そして、倒せたのは偶然であったことを念押ししておく。もしも、強力な魔物の討伐を依頼されたら困るからだ。それから、今回オーガを倒したという情報も、公開しないでくれと頼み込んだ。
「まあ、そうだな。俺がもし、お嬢ちゃんと同じ立場だったら、喋らないだろう」
ギルドとしてはオーガを倒したのは十二歳の少女であると公表したいが、エルは絶対に止めてくれと口止めしておいた。

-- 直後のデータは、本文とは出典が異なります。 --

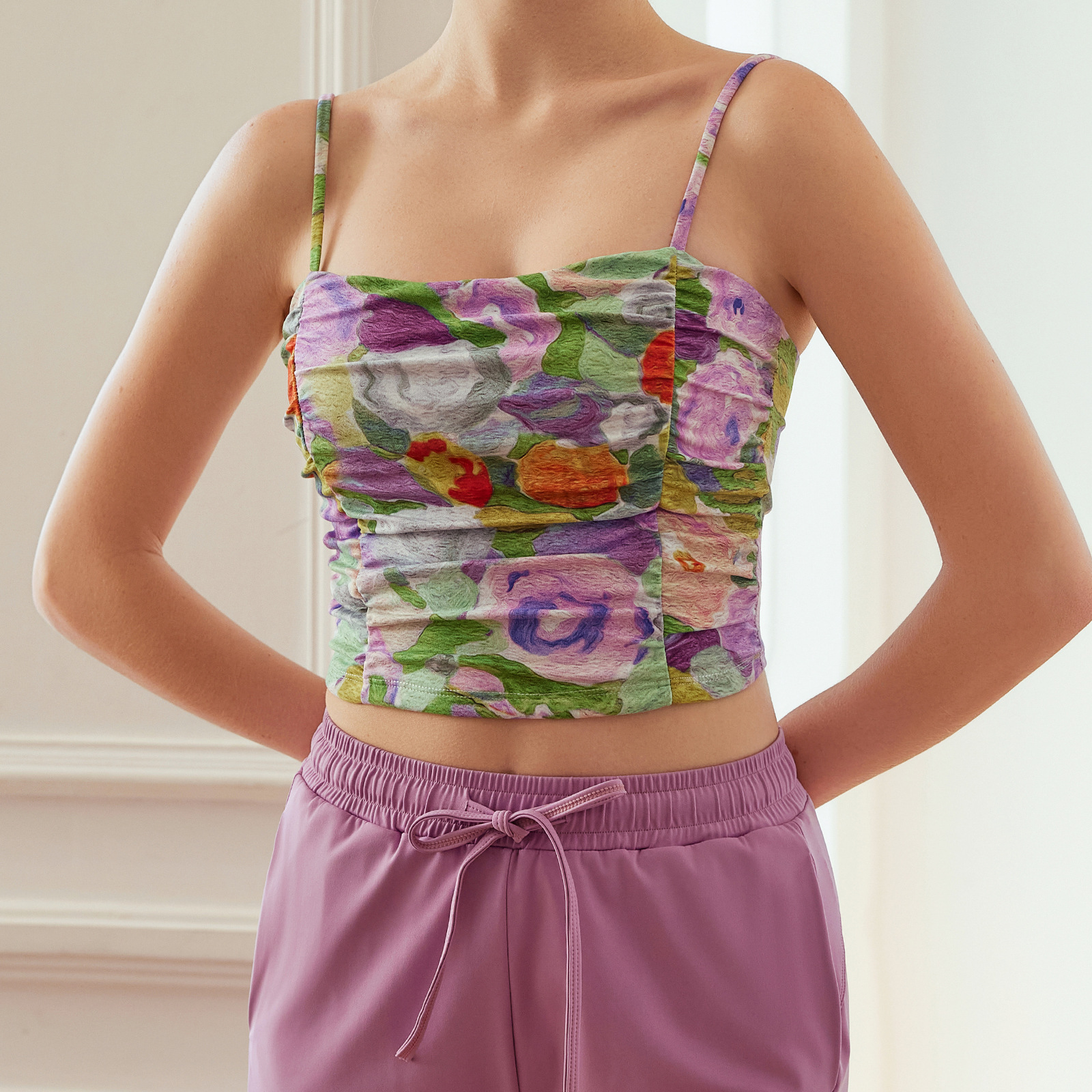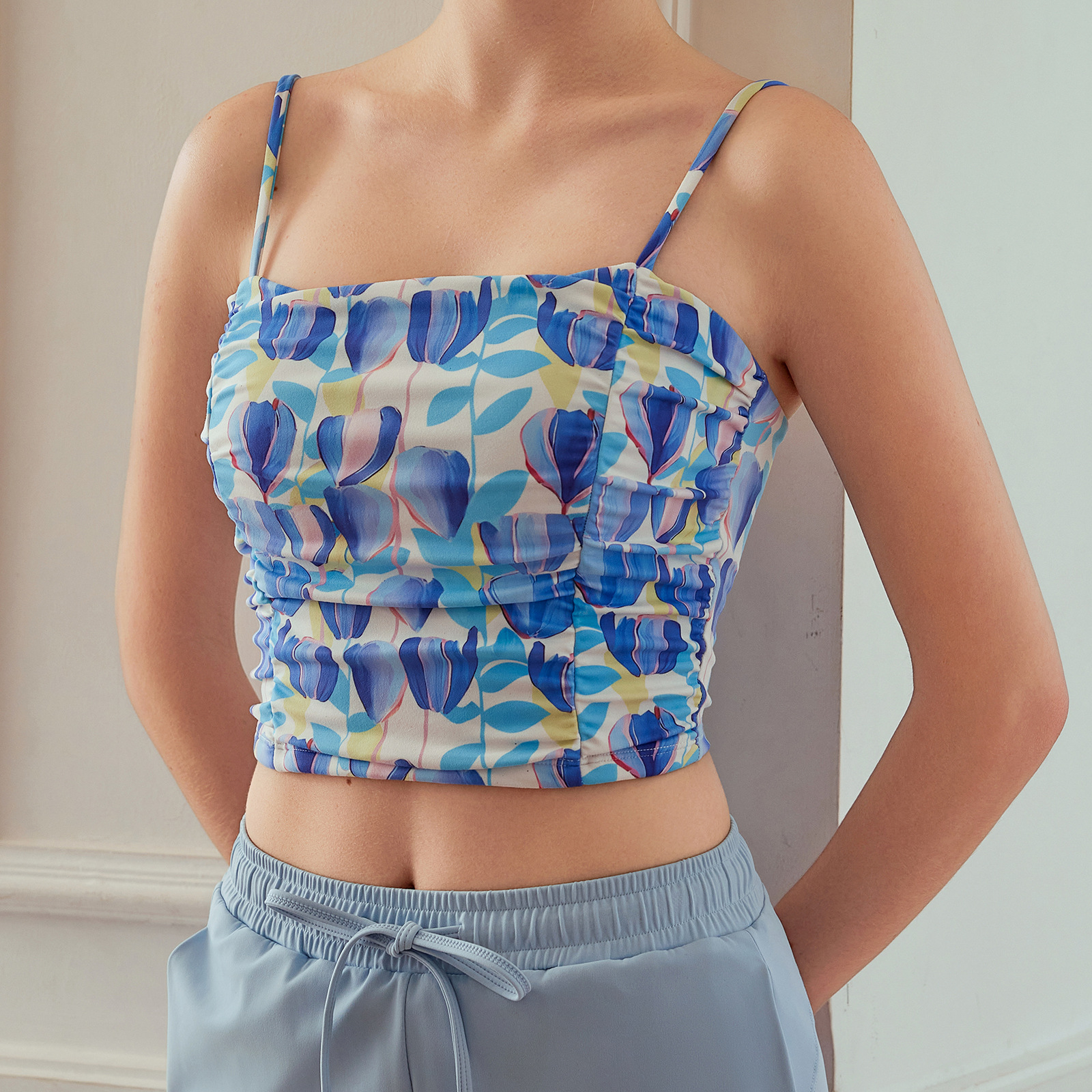 蕾丝拼接V领系带小吊带女辣妹修身分割坑条短上衣

「平穏なのが一番だよな。わかった。これらについては、誰にも言わない」
「ありがとう」
約束通り、報酬の金貨百五十枚は支払われるらしい。エルは一気に小金持ちとなった。
「他に、何か困っていることはないか?」
「ある人について、調べてほしくて」
「人?」
「フーゴ・ド・ノイリンドール」
「フーゴか? あいつの、知り合いか?」
「え?」
ギルド長はフーゴと知り合いのようだった。
エルの胸は、ドキン、ドキンと高鳴る。
「あの、その人は、ほ、本当に、し、死んだ、の、ですか?」
ギルド長は目を伏せる。答えを聞かずとも、フーゴが死んだことが事実であると告げているようなものだった。
「どうして、死……死ん……くっ!」
涙が、堰を切ったように流れる。
心のどこかで、フーゴは生きていて、「エル、悪かったな!」なんて言って、再会できるのではと思っていたのだ。
あまりにも辛くて、声をあげて泣いてしまう。
エルの体を、隣に座ったイングリットが抱きしめてくれた。
落ち着いてから、フーゴの死について話を聞く。
フーゴは確かに死んだ。ギルド長は遺体を最後に見ることができたと語る。
しかし、いつ、どこで、どうやって死んだか、ということは公表されていないらしい。
ギルド長はフーゴの実家に行って尋ねたが、教えてくれなかったのだとか。